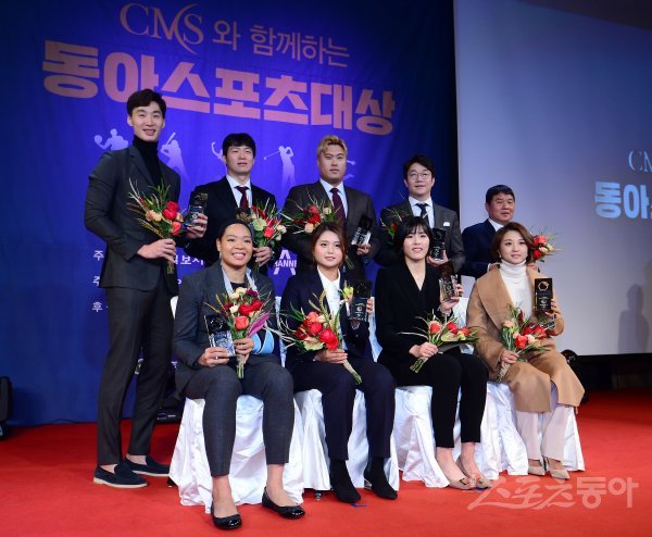 스포츠동아가 동아일보, 채널A, CMS(센트럴메디컬서비스㈜)와 공동으로 주최하고 국내 5대 프로스포츠(프로야구·프로축구·남녀프로농구·남녀프로배구·남녀프로골프) 종목별로 올 한해를 빛낸 최고의 선수를 선정하는‘CMS와 함께하는 2019 동아스포츠대상’시상식이 11일 서울 광화문 포시즌스호텔서울에서 개최됐다. 각 종목별 올해의 선수상 수상자들이 기념촬영을 하고 있다.
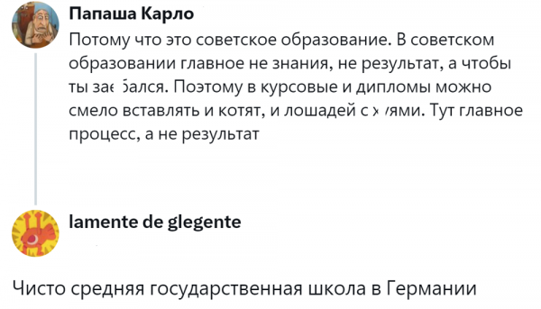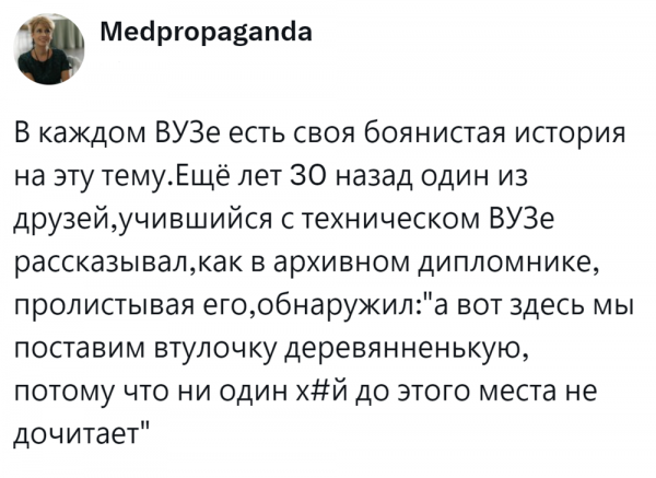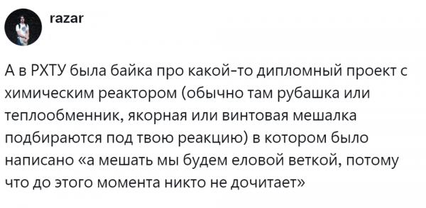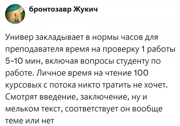 Конечно, речь о противостоянии между преподавателями и студентами. Первые стараются, чтобы в буйных головах молодого поколения осели хоть какие-то знания, а вторые включают фантазию на полную, чтобы получить высшую оценку и при этом напрячься по минимуму. Так, в качестве ответной реакции на тщательную проверку работ студиозусы испытывают преподов на прочность, включая в тексты курсовых информацию, которая, мягко говоря, не имеет ни малейшего отношения к теме и дисциплине в принципе. Если преподаватель заметит, всегда можно отмазаться, сказав, что младший брат поиграл с компьютером. Или котёнок пробежал по клавиатуре. А если нет, то с написанием следующих работ можно не напрягаться. Пользователи поделились своим опытом в этой части и обсудили возможные последствия таких экспериментов.
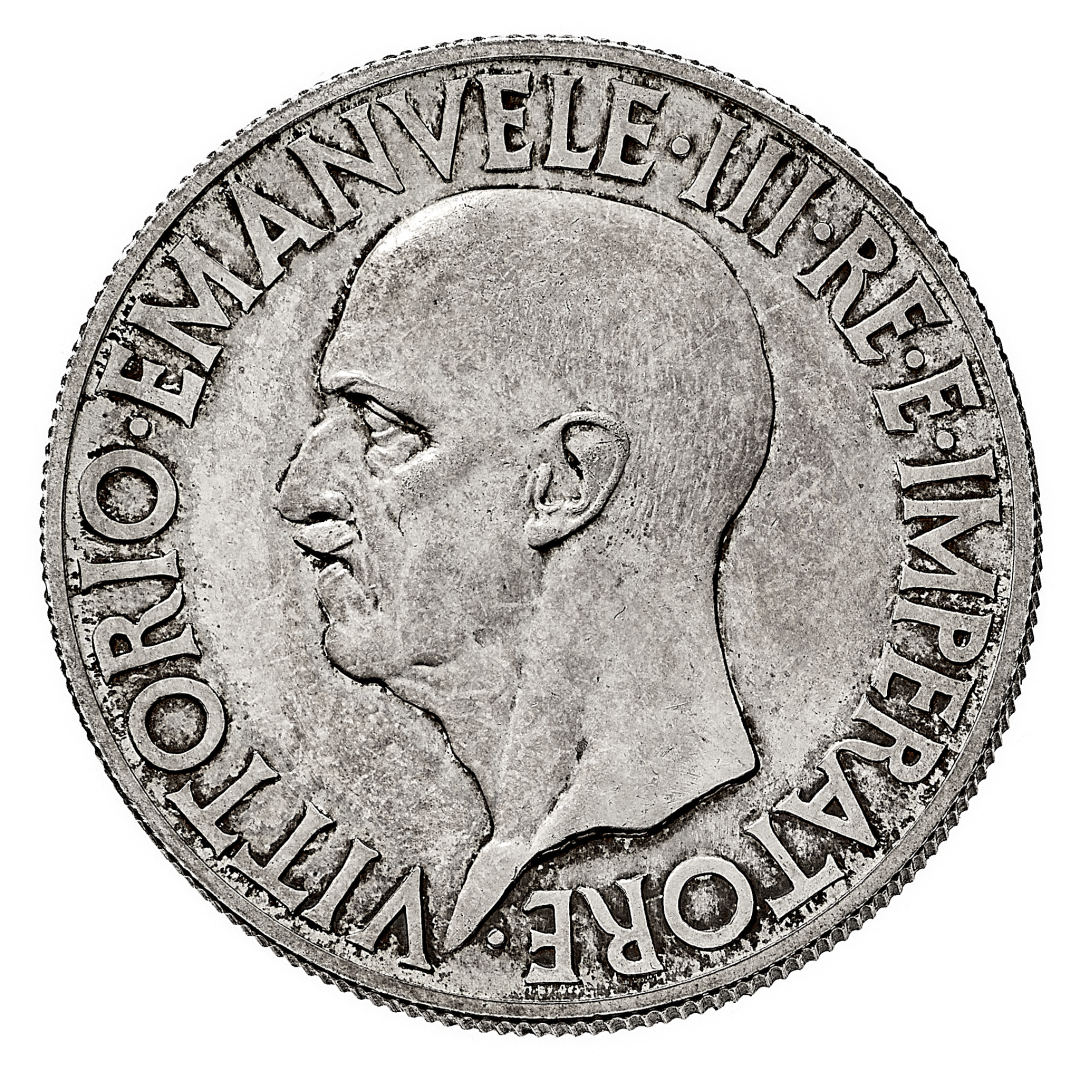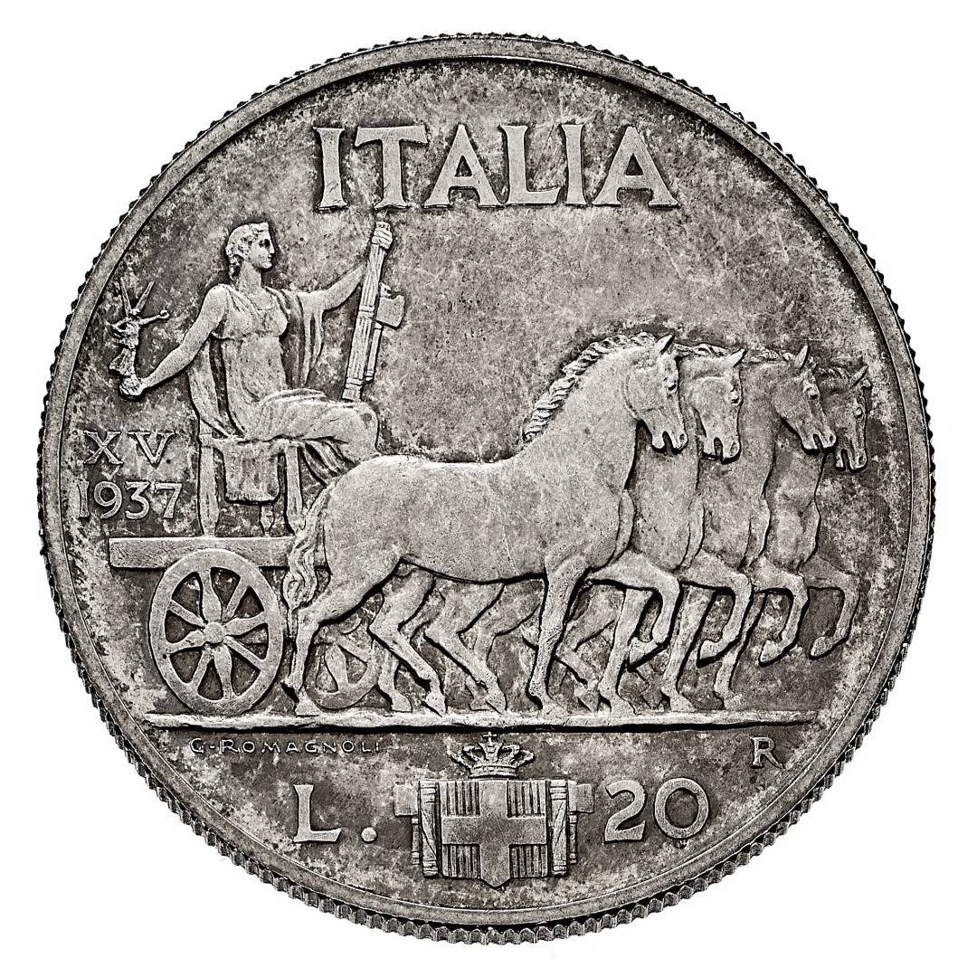 20 Lire Quadriga 1937 - Zecca: Roma - Diritto: effigie del Re a sinistra - Rovescio: l'Italia seduta con fascio e Vittoria su quadriga al passo verso destra - gr. 19,99 - Di grande rarità, solo 50 esemplari coniati - Praticamente FDC
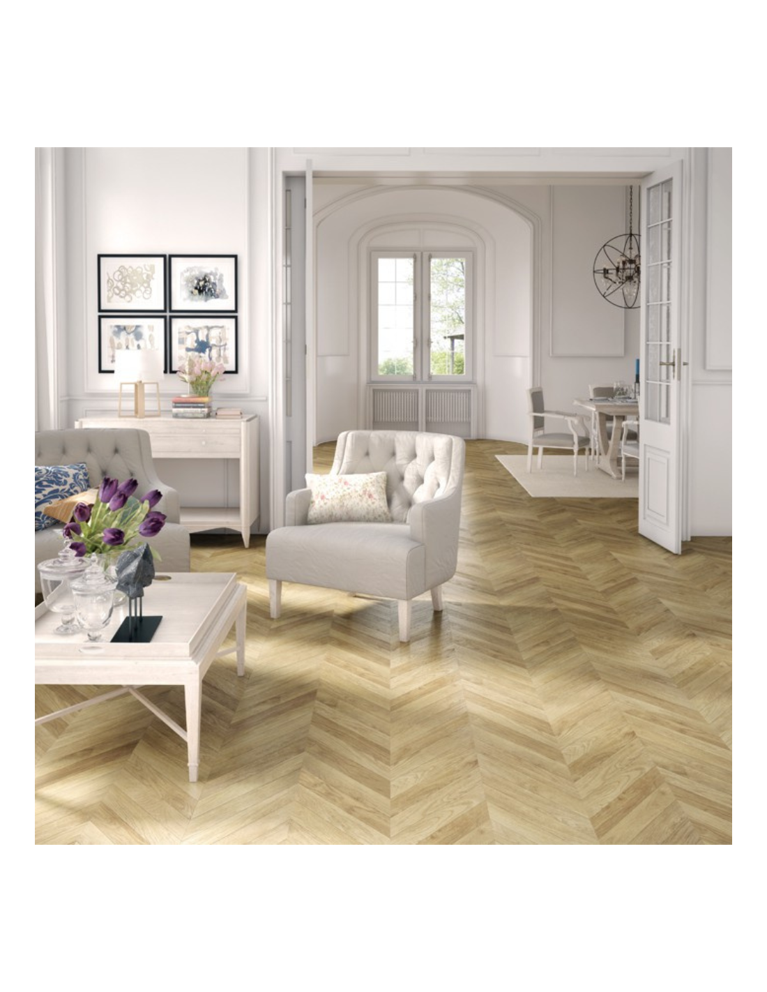 Paquete de suelo Faus de la colección Eco, suelo laminado hidrófugo. Esta unidad cuenta con 2,3 metros cuadrados por paquete.
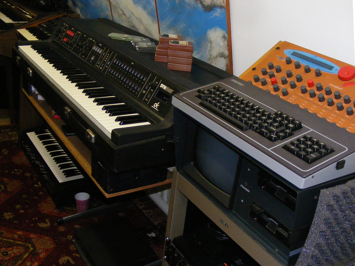 The Crumar / DKI GDS was one of the grand early computer synthesizer systems. Only few where built but luckily there is an alternative. The Synergy originally was a preset version but this set has the same sonic capabilities as the GDS. Even the presets sound fantastic and I am dying to start programming it's additive and AM engine. It has it's quirks though. The computer is hilarious anyway! It's an early 80ties portable with a tiny green screen.
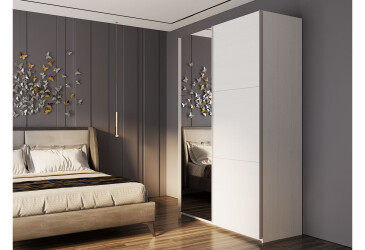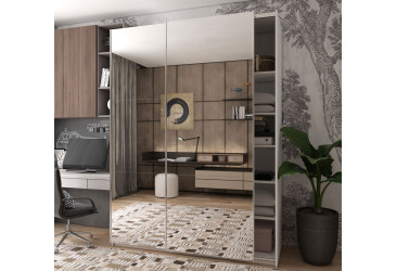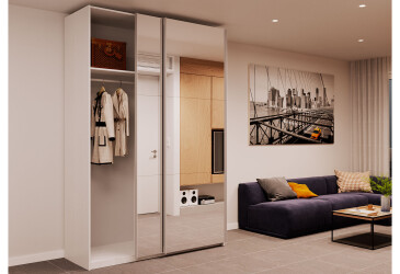 - Doros, ламінована ДСП, скло, ламінована ДСП, штанга і полиці, модерн, білий / дзеркало, 2D.
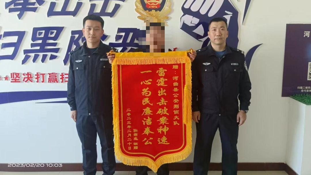 “雷霆出擊破案神速,一心為民廉潔奉公?!?023年2月20日,張先生親自將一面錦旗送到河曲縣公安局民警手中,感激之情溢于言表。
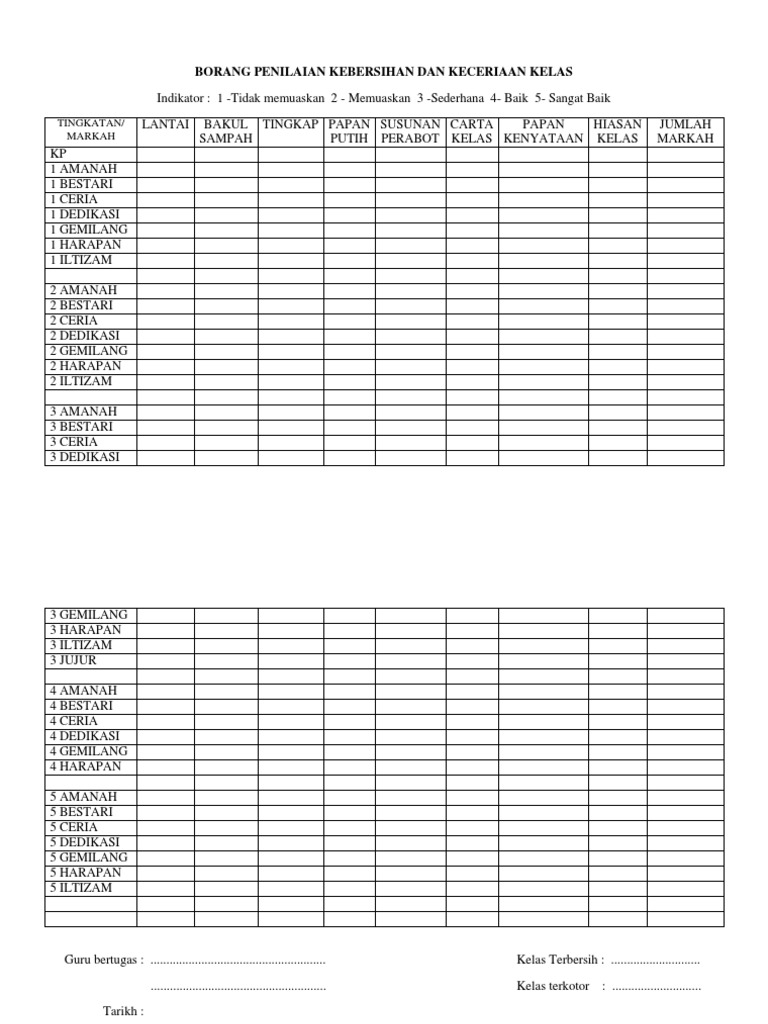 Borang Penilaian Kebersihan Dan Keceriaan Kelas Pdf

- **WHAT TO WORK ON**:
The records above are to be restated exactly, with all pictures omitted.

- **ANSWER**:
 스포츠동아가 동아일보, 채널A, CMS(센트럴메디컬서비스㈜)와 공동으로 주최하고 국내 5대 프로스포츠(프로야구·프로축구·남녀프로농구·남녀프로배구·남녀프로골프) 종목별로 올 한해를 빛낸 최고의 선수를 선정하는‘CMS와 함께하는 2019 동아스포츠대상’시상식이 11일 서울 광화문 포시즌스호텔서울에서 개최됐다. 각 종목별 올해의 선수상 수상자들이 기념촬영을 하고 있다.
 Конечно, речь о противостоянии между преподавателями и студентами. Первые стараются, чтобы в буйных головах молодого поколения осели хоть какие-то знания, а вторые включают фантазию на полную, чтобы получить высшую оценку и при этом напрячься по минимуму. Так, в качестве ответной реакции на тщательную проверку работ студиозусы испытывают преподов на прочность, включая в тексты курсовых информацию, которая, мягко говоря, не имеет ни малейшего отношения к теме и дисциплине в принципе. Если преподаватель заметит, всегда можно отмазаться, сказав, что младший брат поиграл с компьютером. Или котёнок пробежал по клавиатуре. А если нет, то с написанием следующих работ можно не напрягаться. Пользователи поделились своим опытом в этой части и обсудили возможные последствия таких экспериментов.
 20 Lire Quadriga 1937 - Zecca: Roma - Diritto: effigie del Re a sinistra - Rovescio: l'Italia seduta con fascio e Vittoria su quadriga al passo verso destra - gr. 19,99 - Di grande rarità, solo 50 esemplari coniati - Praticamente FDC
 Paquete de suelo Faus de la colección Eco, suelo laminado hidrófugo. Esta unidad cuenta con 2,3 metros cuadrados por paquete.
 The Crumar / DKI GDS was one of the grand early computer synthesizer systems. Only few where built but luckily there is an alternative. The Synergy originally was a preset version but this set has the same sonic capabilities as the GDS. Even the presets sound fantastic and I am dying to start programming it's additive and AM engine. It has it's quirks though. The computer is hilarious anyway! It's an early 80ties portable with a tiny green screen.
 - Doros, ламінована ДСП, скло, ламінована ДСП, штанга і полиці, модерн, білий / дзеркало, 2D.
 “雷霆出擊破案神速,一心為民廉潔奉公?!?023年2月20日,張先生親自將一面錦旗送到河曲縣公安局民警手中,感激之情溢于言表。
 Borang Penilaian Kebersihan Dan Keceriaan Kelas Pdf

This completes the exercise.